=== Section Start ===
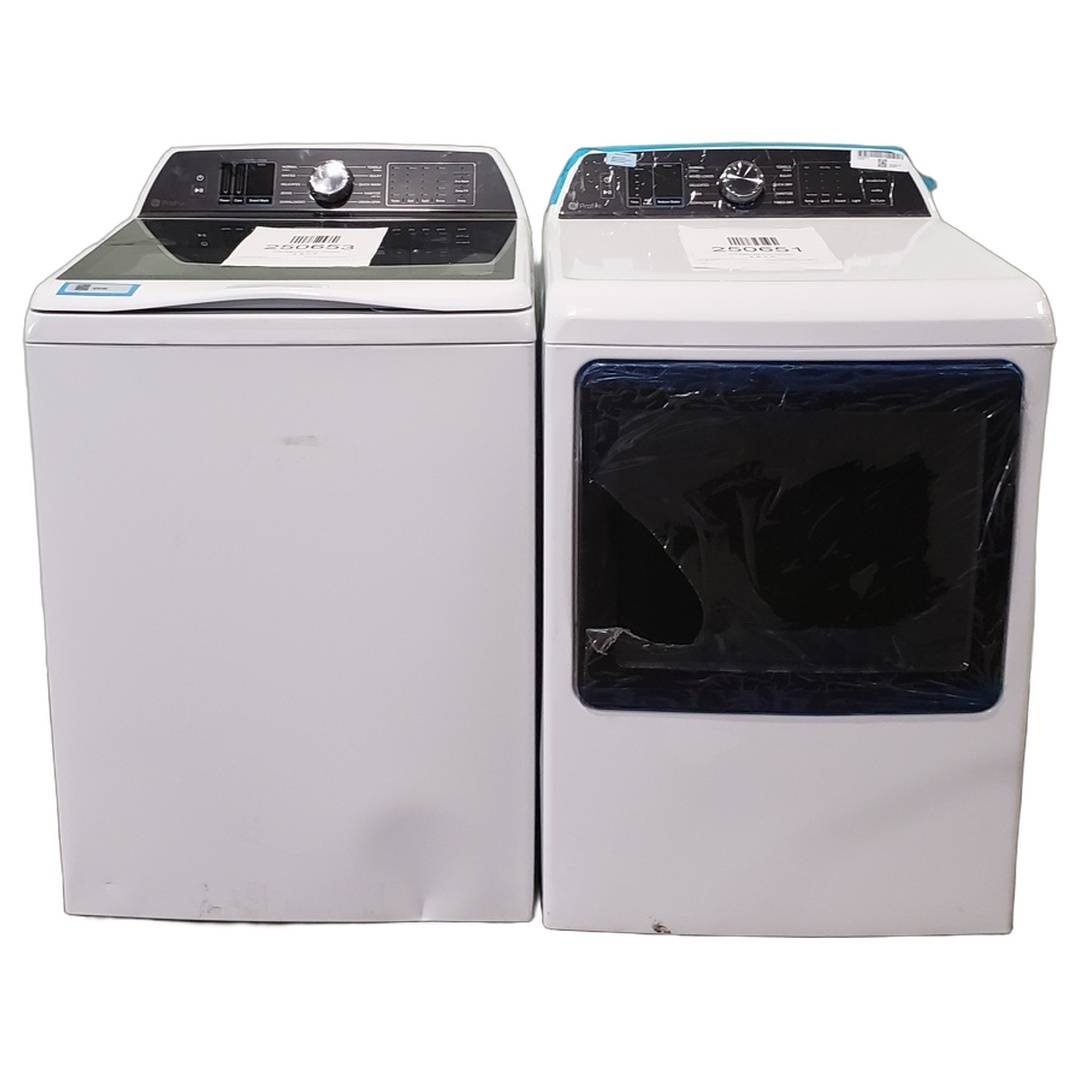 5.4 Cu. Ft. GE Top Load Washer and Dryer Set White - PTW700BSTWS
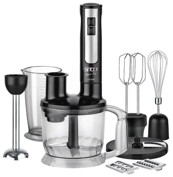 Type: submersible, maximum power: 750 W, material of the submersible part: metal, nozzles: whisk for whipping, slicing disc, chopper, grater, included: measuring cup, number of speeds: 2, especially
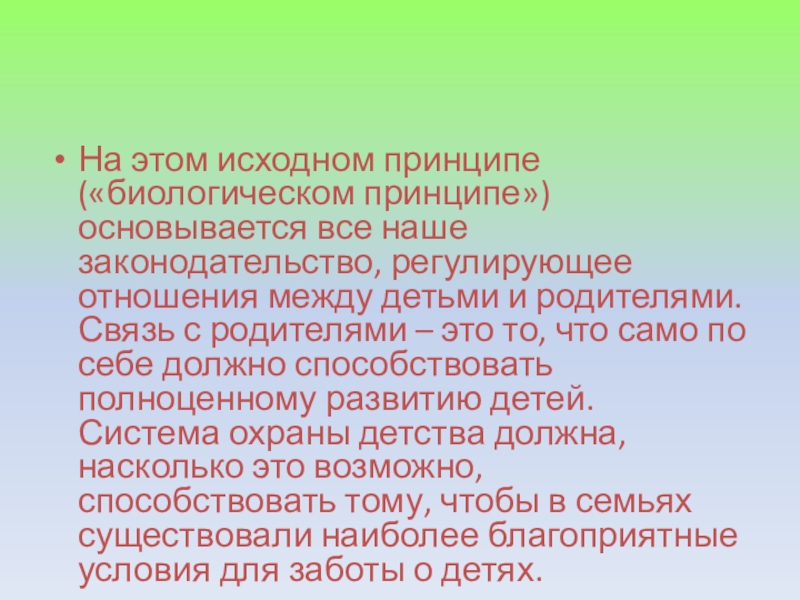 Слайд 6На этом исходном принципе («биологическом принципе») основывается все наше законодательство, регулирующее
=== Section End ===
DIRECTIONS FOR THIS TASK: Give back the whole listing exactly; no pictures.

SOLUTION TO THIS PROBLEM:
 5.4 Cu. Ft. GE Top Load Washer and Dryer Set White - PTW700BSTWS
 Type: submersible, maximum power: 750 W, material of the submersible part: metal, nozzles: whisk for whipping, slicing disc, chopper, grater, included: measuring cup, number of speeds: 2, especially
 Слайд 6На этом исходном принципе («биологическом принципе») основывается все наше законодательство, регулирующее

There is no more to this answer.